• Problem requirements:
Output only the lines that run from the line holding "에 들어가 보겠습니다." to the end of the data below, including both ends, without any pictures.

• The data:
>>
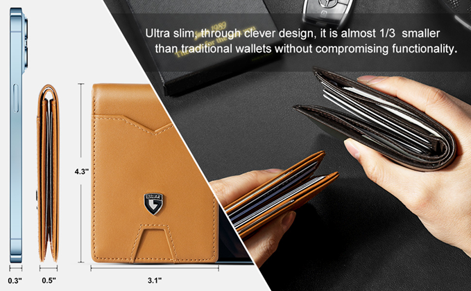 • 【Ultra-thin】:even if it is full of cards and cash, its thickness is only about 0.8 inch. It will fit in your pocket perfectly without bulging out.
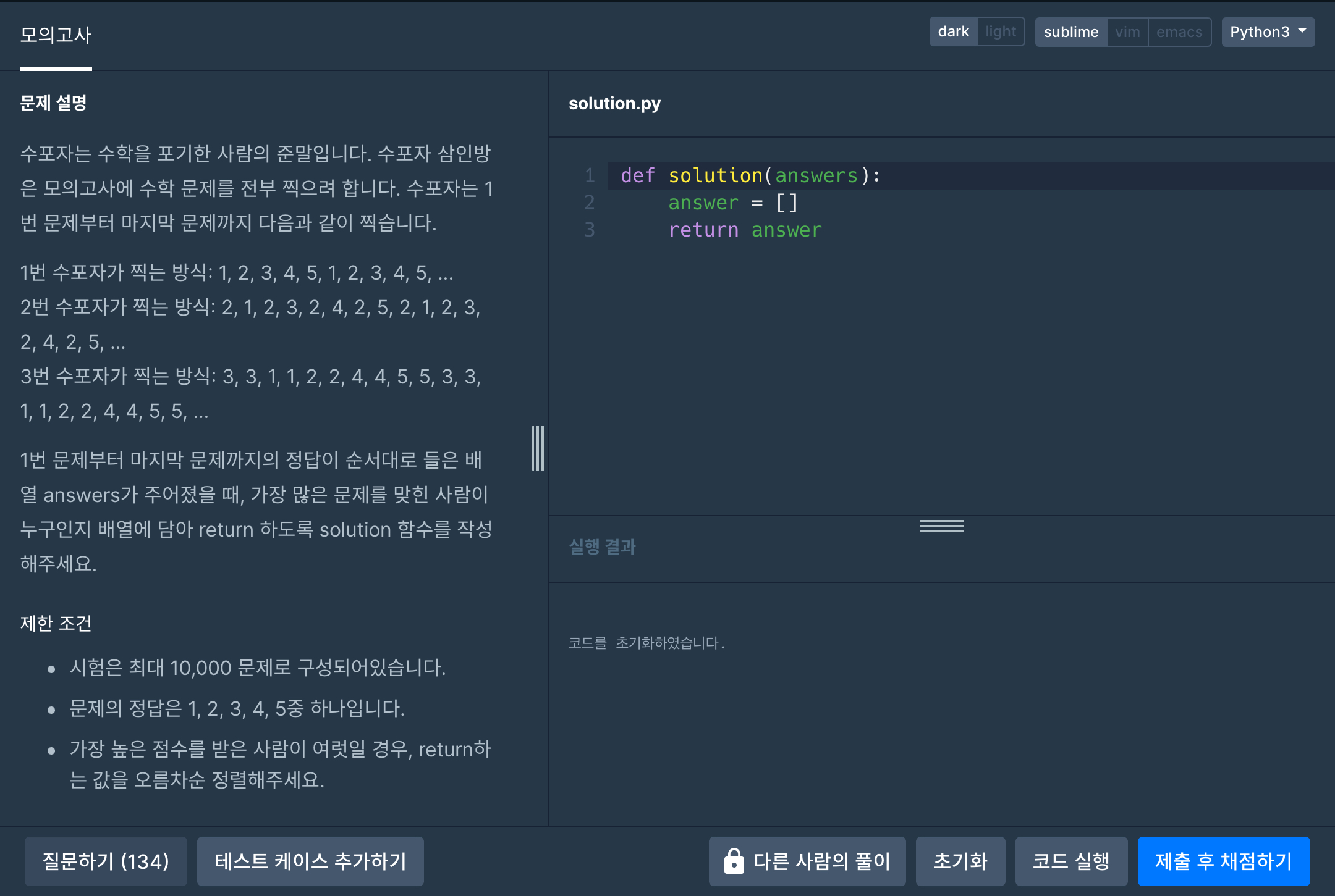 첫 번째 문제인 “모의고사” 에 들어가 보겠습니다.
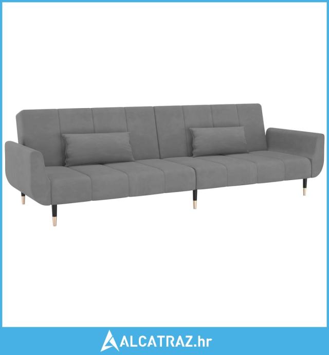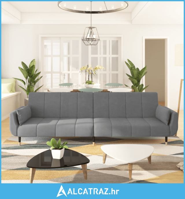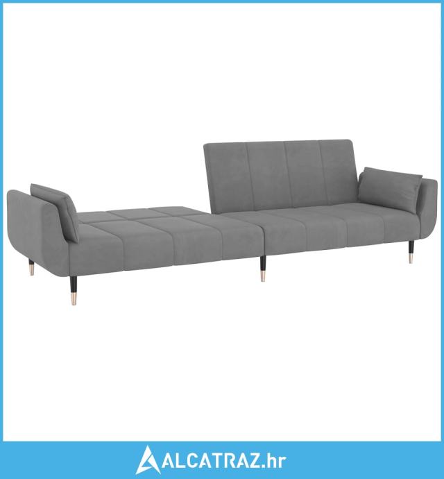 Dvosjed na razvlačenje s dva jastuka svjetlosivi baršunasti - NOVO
<<
• Finished exercise:
 첫 번째 문제인 “모의고사” 에 들어가 보겠습니다.
 Dvosjed na razvlačenje s dva jastuka svjetlosivi baršunasti - NOVO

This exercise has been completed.